━━━━━ INPUT FOR THIS TASK

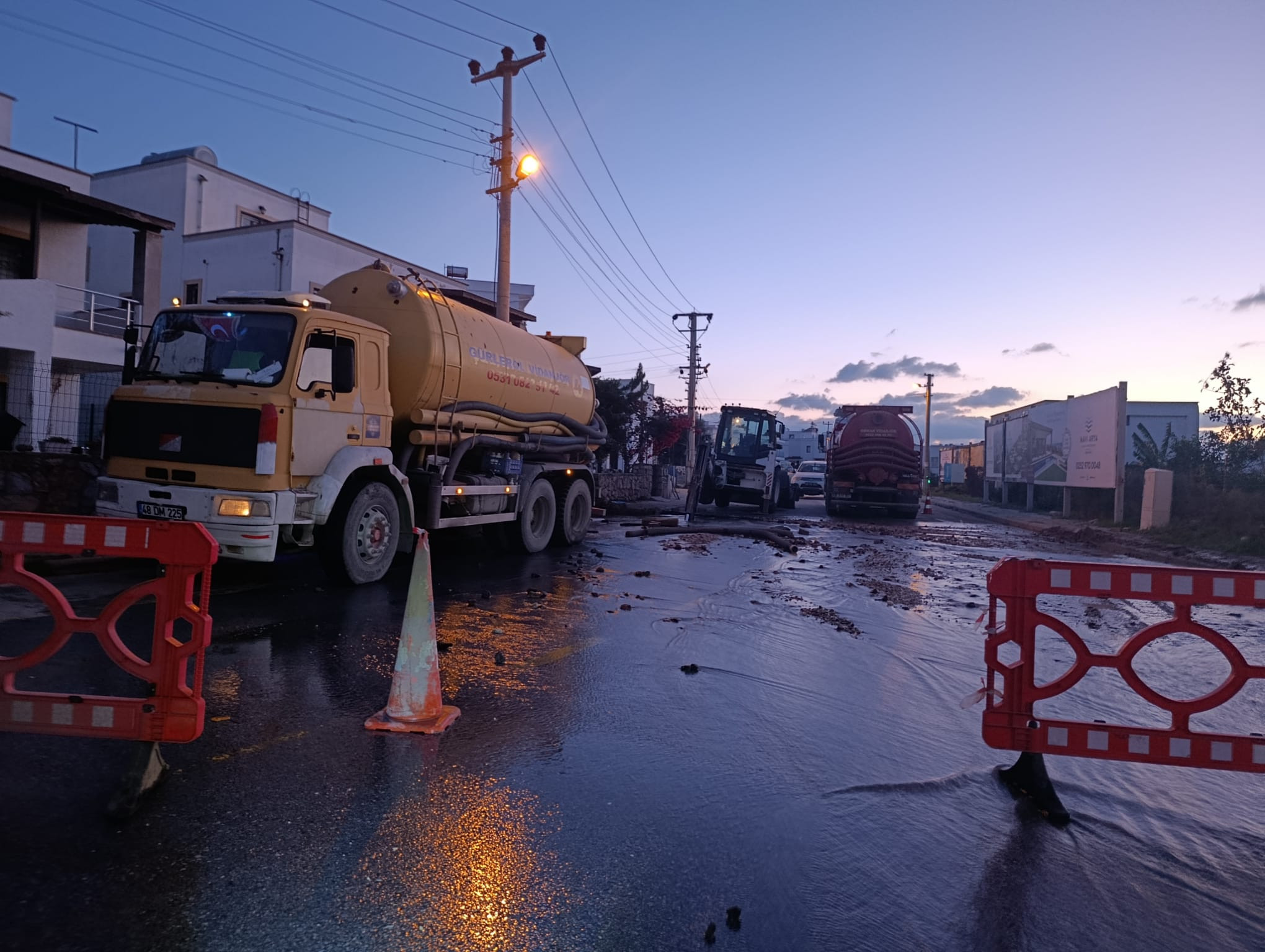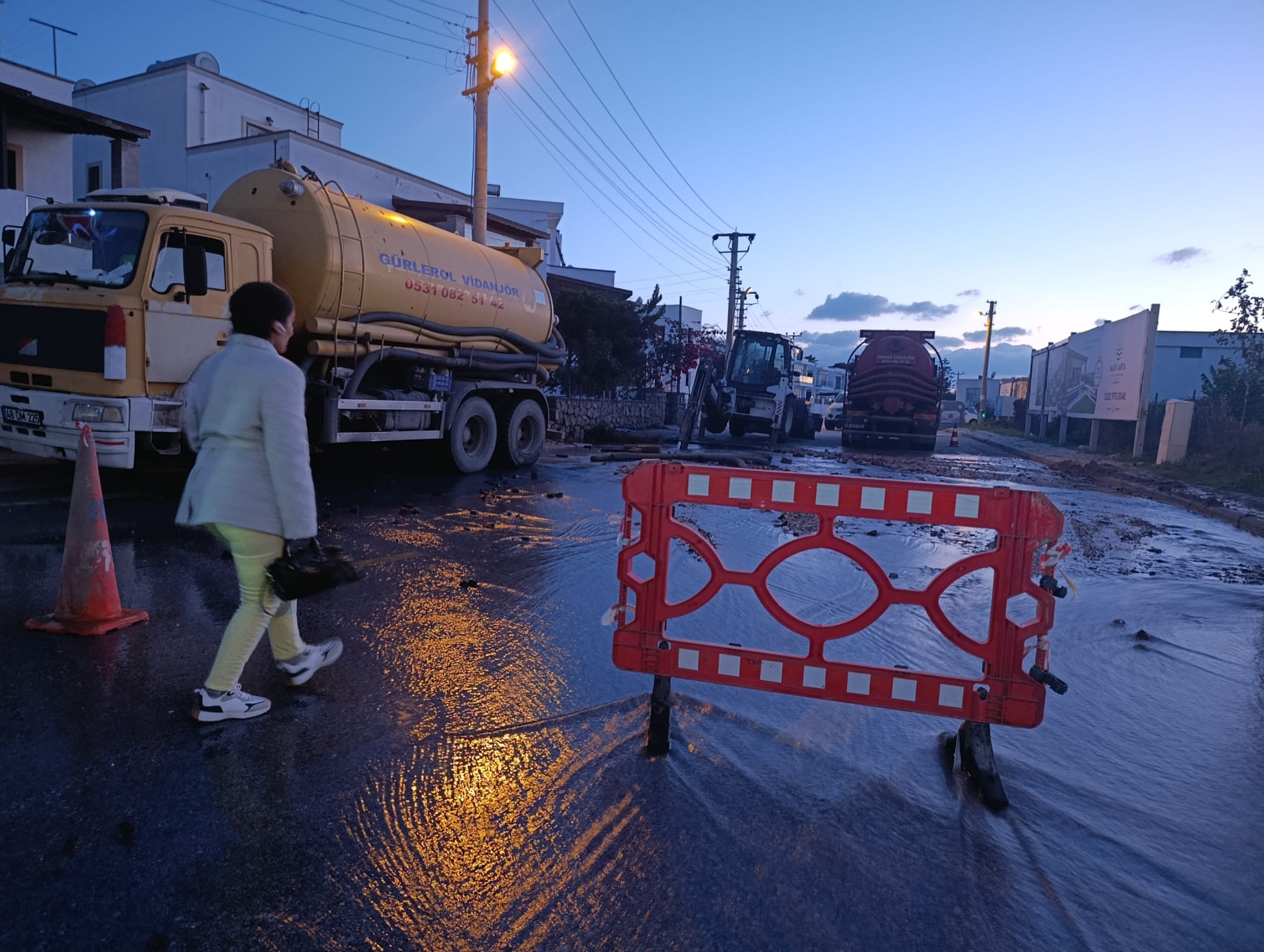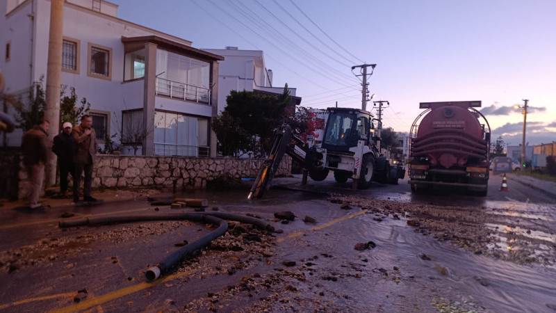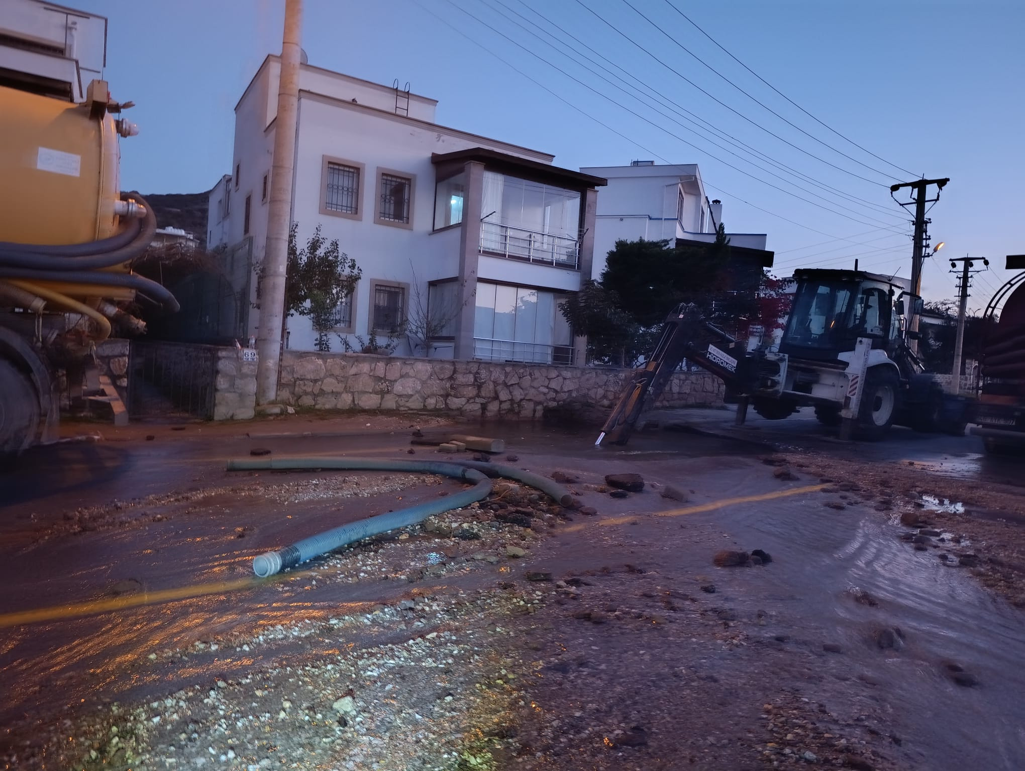 MUSKİ Turgutreis'te Kanalizasyona Müdahale Ederken İçme Suyu Hattını Patlattı
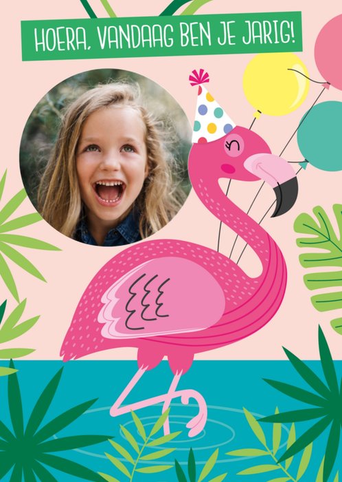 Kleurrijke verjaardagskaart met daarop een flamingo en de tekst: Hoera, vandaag ben je jarig! Je kunt een leuke foto toevoegen op de kaart.
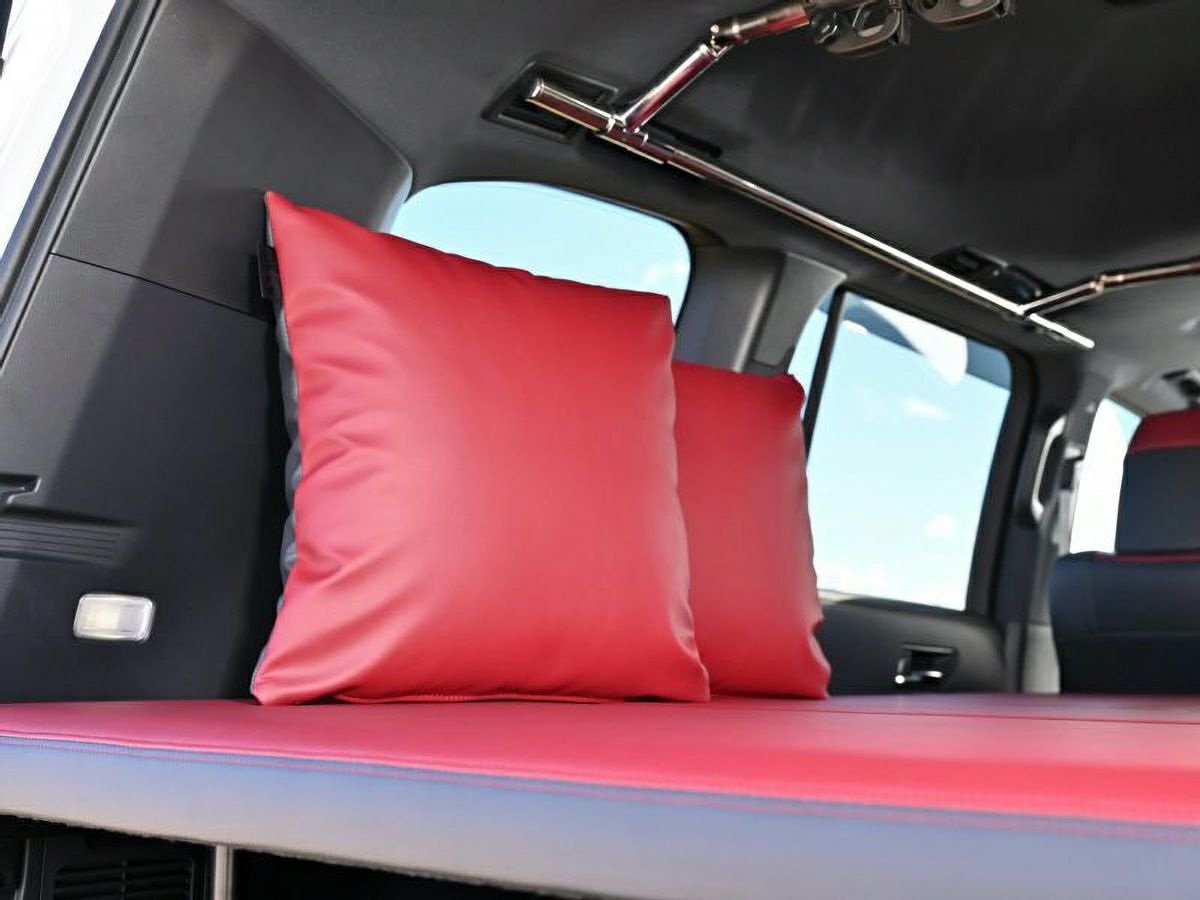 クッションの表面を、ランドクルーザー300 ESベッドシステムと同じく、上質なインテリアに沿った専用レザーを採用し、ダークレッド+ブラックレザー仕様で仕上げたクッションです。車内でリラックスする時のクッションとして、また、就寝時の枕として使用していただけます。
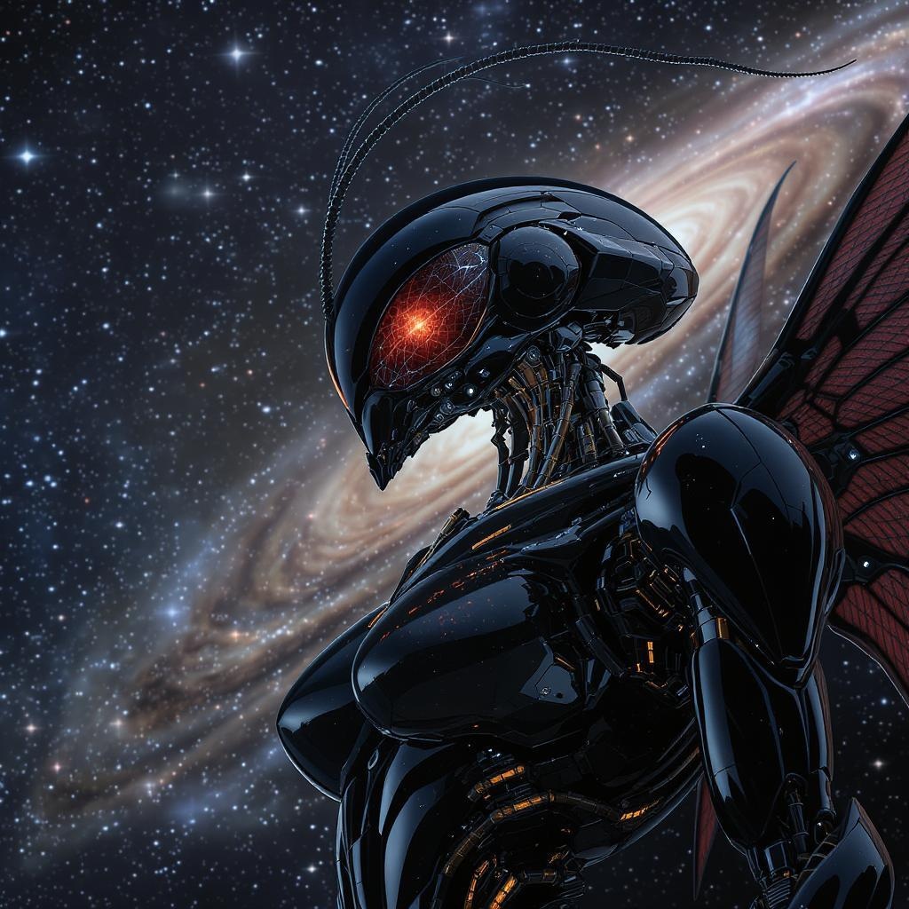 Portrait close-up of a streamlined Sci-fi mech, featuring a slender figure in three-quarters view. The design is a glossy black, highly reflective, and max detailed insectoid Sci-fi mech with intricate insectoid wings. Inspired by the styles of Tsutomu Nihei and Akira. The backdrop is a bright quasar light set against the vastness of outer space, with a dramatic and three-dimensional background. The art combines anime and manga drawing styles, illuminated by cosmic starlight, surrounded by galaxies and vibrant plasma rays. Captured in 8k UHD, offering hyper-realistic detail, as if shot with a digital Hasselblad H4D 200MS and Mitakon Speedmaster 65mm f/1 lens.
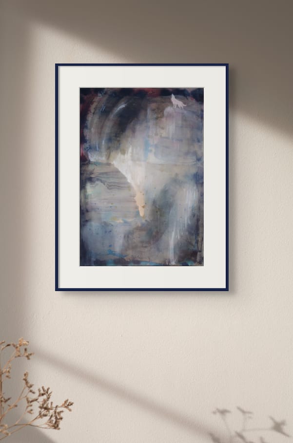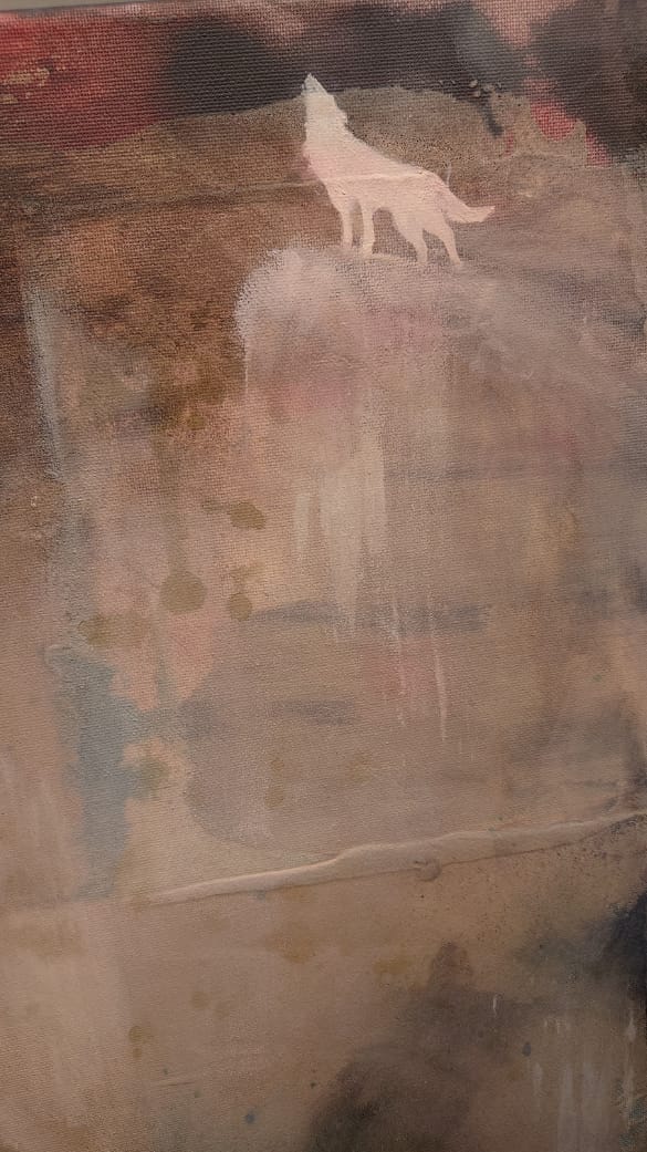 In Brother Wolf, my paintbrush surrendered to the unpredictable rhythm of the medium, allowing the paint itself to dictate the narrative—one that emerged organically as a story of connection across realms.
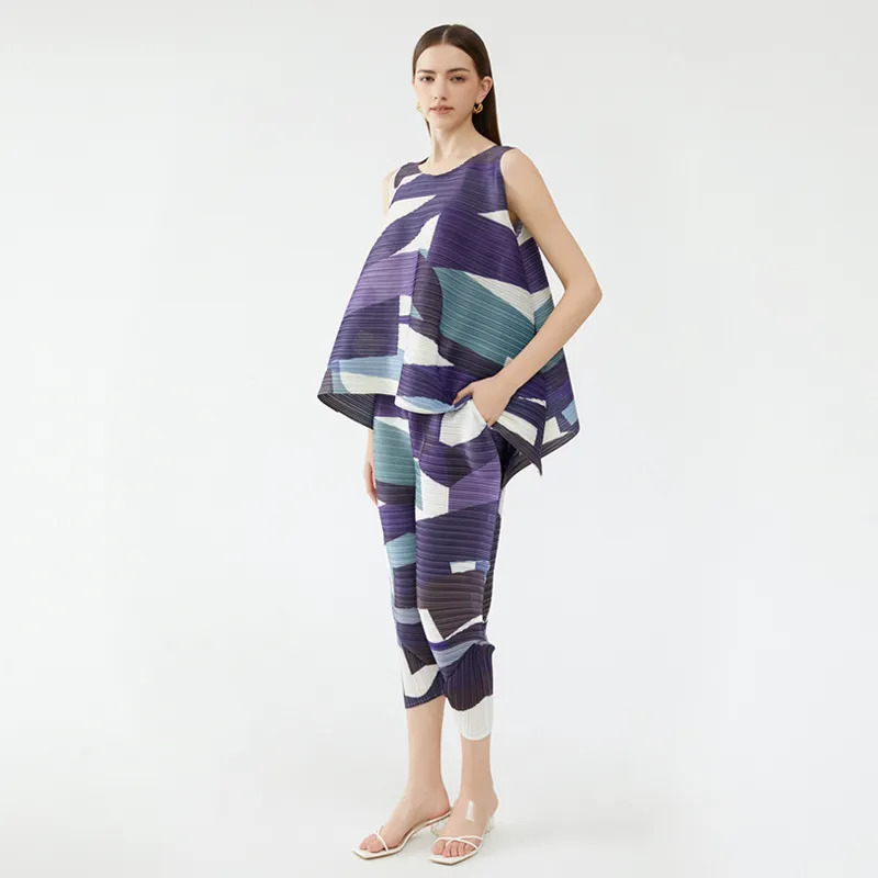 衣都精品- 2024新款時尚箭頭印染無袖薄款褶皺上衣

━━━━━━━━━━

**THE PROBLEM**
Nothing but the lines from the one holding "クッションの表面を、ランドク" through the final line of the entries should be retyped, exactly as they stand and without pictures.

**FINISHED TASK**
 クッションの表面を、ランドクルーザー300 ESベッドシステムと同じく、上質なインテリアに沿った専用レザーを採用し、ダークレッド+ブラックレザー仕様で仕上げたクッションです。車内でリラックスする時のクッションとして、また、就寝時の枕として使用していただけます。
 Portrait close-up of a streamlined Sci-fi mech, featuring a slender figure in three-quarters view. The design is a glossy black, highly reflective, and max detailed insectoid Sci-fi mech with intricate insectoid wings. Inspired by the styles of Tsutomu Nihei and Akira. The backdrop is a bright quasar light set against the vastness of outer space, with a dramatic and three-dimensional background. The art combines anime and manga drawing styles, illuminated by cosmic starlight, surrounded by galaxies and vibrant plasma rays. Captured in 8k UHD, offering hyper-realistic detail, as if shot with a digital Hasselblad H4D 200MS and Mitakon Speedmaster 65mm f/1 lens.
 In Brother Wolf, my paintbrush surrendered to the unpredictable rhythm of the medium, allowing the paint itself to dictate the narrative—one that emerged organically as a story of connection across realms.
 衣都精品- 2024新款時尚箭頭印染無袖薄款褶皺上衣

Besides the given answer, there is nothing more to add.